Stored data
↓

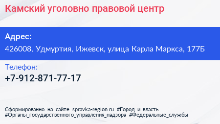 Камский уголовно-правовой центр по адресу 426008, Удмуртия, Ижевск, улица Карла Маркса, 177Б в дальнейшем Организация, размещена в следующих категориях:
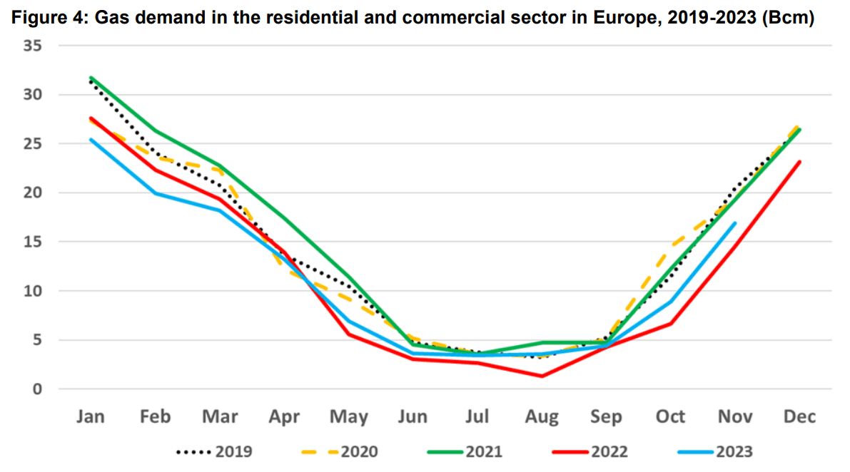 Spotřeba plynu v Evropské unii je totiž významně závislá na jeho spotřebě v sektoru domácností a služeb, kde se využívá primárně pro vytápění. Tato spotřeba činí až 40 % roční spotřeby plynu a výkyvy v průměrných teplotách jsou obvykle hlavním důvodem zvýšení nebo snížení celkové spotřeby. V kontextu Evropské unie se tak může roční spotřeba plynu v závislosti na průměrné zimní teplotě lišit o 20 až 25 miliard m3. Pro srovnání - celková spotřeba plynu v EU v roce 2022 byla cca 360 miliard m3.
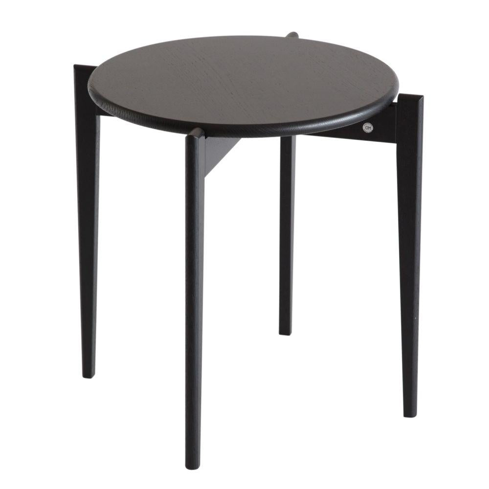 • Runt sidebord i svart med grå träskiva och tre ben i modern skandinavisk design
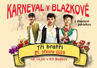 Srdečně Vás zveme na Karneval v Blažkově s divadelní pohádkou Tři bratři. Akce se koná 21.3. od 14,00 v KD.
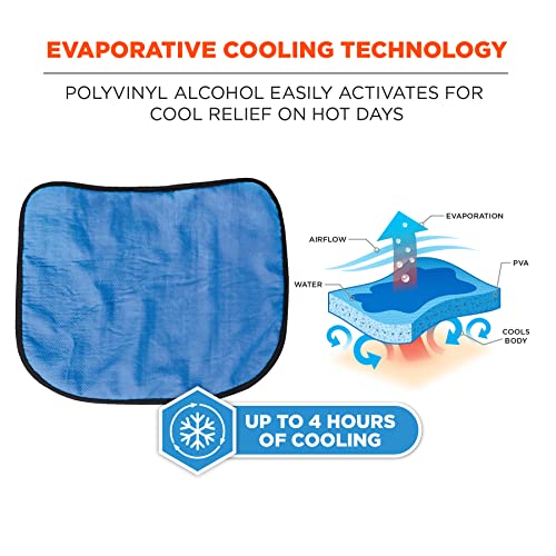The Chill-Its 6670CT Evaporative Cooling Hard Hat Neck Shade straps into hard hats to deliver four hours of cooling relief while also shading the neck from sun damage. The lightweight shade features advanced PVA cooling technology for instant cooling without bulk or slime, with a wide panel that extends down for complete back-of-neck-coverage. This hard hat neck shade fits most hard hats and safety helmets, easily and securely attaching to the suspension with two hook & loop straps. Heat-related illness continuously ranks among the top causes of worksite accidents and fatalities. Evaporative cooling technologies such as PVA (polyvinyl alcohol) are a simple, effective and comfortable solution for heat stress prevention. Similar to how sweat cools the body, evaporative technologies use an external water source to draw heat away—helping to regulate body temperature while providing cool relief.
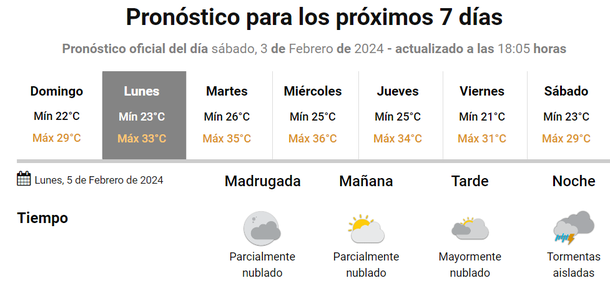 Por ahora, luego de las lluvias del jueves 8 de febrero de 2024 y el fin de semana de carnaval, algo de alivio llegará durante unos días pero el mes cerrará caluroso y marzo comenzará con altas temperaturas según indica el organismo oficial.
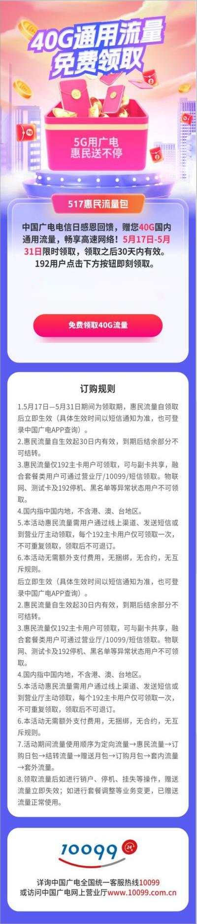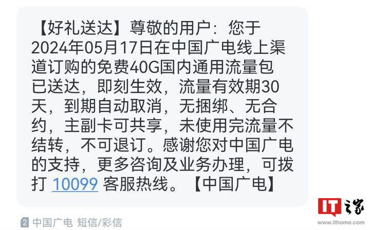 文章来源于互联网:IT之家-5.17 电信日,中国广电送 40G 全国通用流量
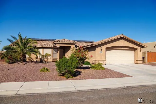 This beautiful corner lot features a 3-bedroom, 2-bathroom pool home with a 2-car garage and stunning landscaping, complete with an installed watering system. Inside, you'll be greeted by vaulted ceilings and spacious living and dining areas. The kitchen is fully equipped with a gas stove, granite counters, and an island with a breakfast bar, making it perfect for entertaining. The main suite offers a walk-in closet, a walk-in shower, and a relaxing garden tub. Plus, the backyard is an oasis with a covered patio and a refreshing and heated pool , ideal for year round enjoyment! Notably, this home comes with paid solar with a new inverter, along with a new tankless water heater and remote-controlled blackout blinds.
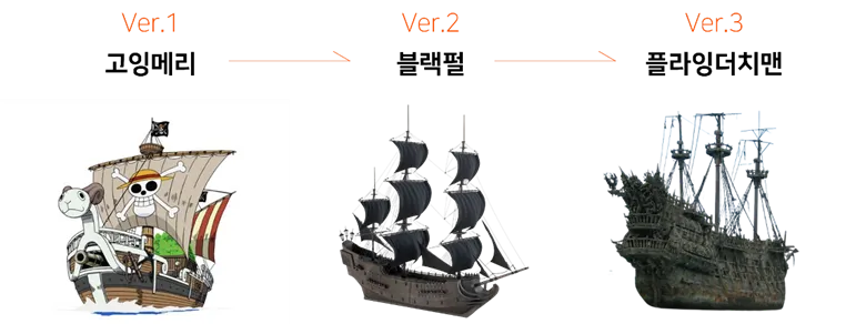 그리고 ‘플라잉더치맨’은 지금 현재 개발이 진행 중인 업그레이드 버전입니다. 영화 <캐리비언의 해적>에 나오는 것처럼 지금보다 더 다양한 기능을 포함할 수 있도록 개발이 진행되고 있답니다. 더불어… 이 해적선은 선원들이 배의 일부로 붙어버리는 게 또 하나의 특징이라, 지금 멤버들이 앞으로 평생 함께 하기를 바라는 염원에서 이 이름을 사용했습니다.

↑

Could you repeat all of the entries exactly, without any of the images?

Written reply.
 Камский уголовно-правовой центр по адресу 426008, Удмуртия, Ижевск, улица Карла Маркса, 177Б в дальнейшем Организация, размещена в следующих категориях:
 Spotřeba plynu v Evropské unii je totiž významně závislá na jeho spotřebě v sektoru domácností a služeb, kde se využívá primárně pro vytápění. Tato spotřeba činí až 40 % roční spotřeby plynu a výkyvy v průměrných teplotách jsou obvykle hlavním důvodem zvýšení nebo snížení celkové spotřeby. V kontextu Evropské unie se tak může roční spotřeba plynu v závislosti na průměrné zimní teplotě lišit o 20 až 25 miliard m3. Pro srovnání - celková spotřeba plynu v EU v roce 2022 byla cca 360 miliard m3.
 • Runt sidebord i svart med grå träskiva och tre ben i modern skandinavisk design
 Srdečně Vás zveme na Karneval v Blažkově s divadelní pohádkou Tři bratři. Akce se koná 21.3. od 14,00 v KD.
The Chill-Its 6670CT Evaporative Cooling Hard Hat Neck Shade straps into hard hats to deliver four hours of cooling relief while also shading the neck from sun damage. The lightweight shade features advanced PVA cooling technology for instant cooling without bulk or slime, with a wide panel that extends down for complete back-of-neck-coverage. This hard hat neck shade fits most hard hats and safety helmets, easily and securely attaching to the suspension with two hook & loop straps. Heat-related illness continuously ranks among the top causes of worksite accidents and fatalities. Evaporative cooling technologies such as PVA (polyvinyl alcohol) are a simple, effective and comfortable solution for heat stress prevention. Similar to how sweat cools the body, evaporative technologies use an external water source to draw heat away—helping to regulate body temperature while providing cool relief.
 Por ahora, luego de las lluvias del jueves 8 de febrero de 2024 y el fin de semana de carnaval, algo de alivio llegará durante unos días pero el mes cerrará caluroso y marzo comenzará con altas temperaturas según indica el organismo oficial.
 文章来源于互联网:IT之家-5.17 电信日,中国广电送 40G 全国通用流量
 This beautiful corner lot features a 3-bedroom, 2-bathroom pool home with a 2-car garage and stunning landscaping, complete with an installed watering system. Inside, you'll be greeted by vaulted ceilings and spacious living and dining areas. The kitchen is fully equipped with a gas stove, granite counters, and an island with a breakfast bar, making it perfect for entertaining. The main suite offers a walk-in closet, a walk-in shower, and a relaxing garden tub. Plus, the backyard is an oasis with a covered patio and a refreshing and heated pool , ideal for year round enjoyment! Notably, this home comes with paid solar with a new inverter, along with a new tankless water heater and remote-controlled blackout blinds.
 그리고 ‘플라잉더치맨’은 지금 현재 개발이 진행 중인 업그레이드 버전입니다. 영화 <캐리비언의 해적>에 나오는 것처럼 지금보다 더 다양한 기능을 포함할 수 있도록 개발이 진행되고 있답니다. 더불어… 이 해적선은 선원들이 배의 일부로 붙어버리는 게 또 하나의 특징이라, 지금 멤버들이 앞으로 평생 함께 하기를 바라는 염원에서 이 이름을 사용했습니다.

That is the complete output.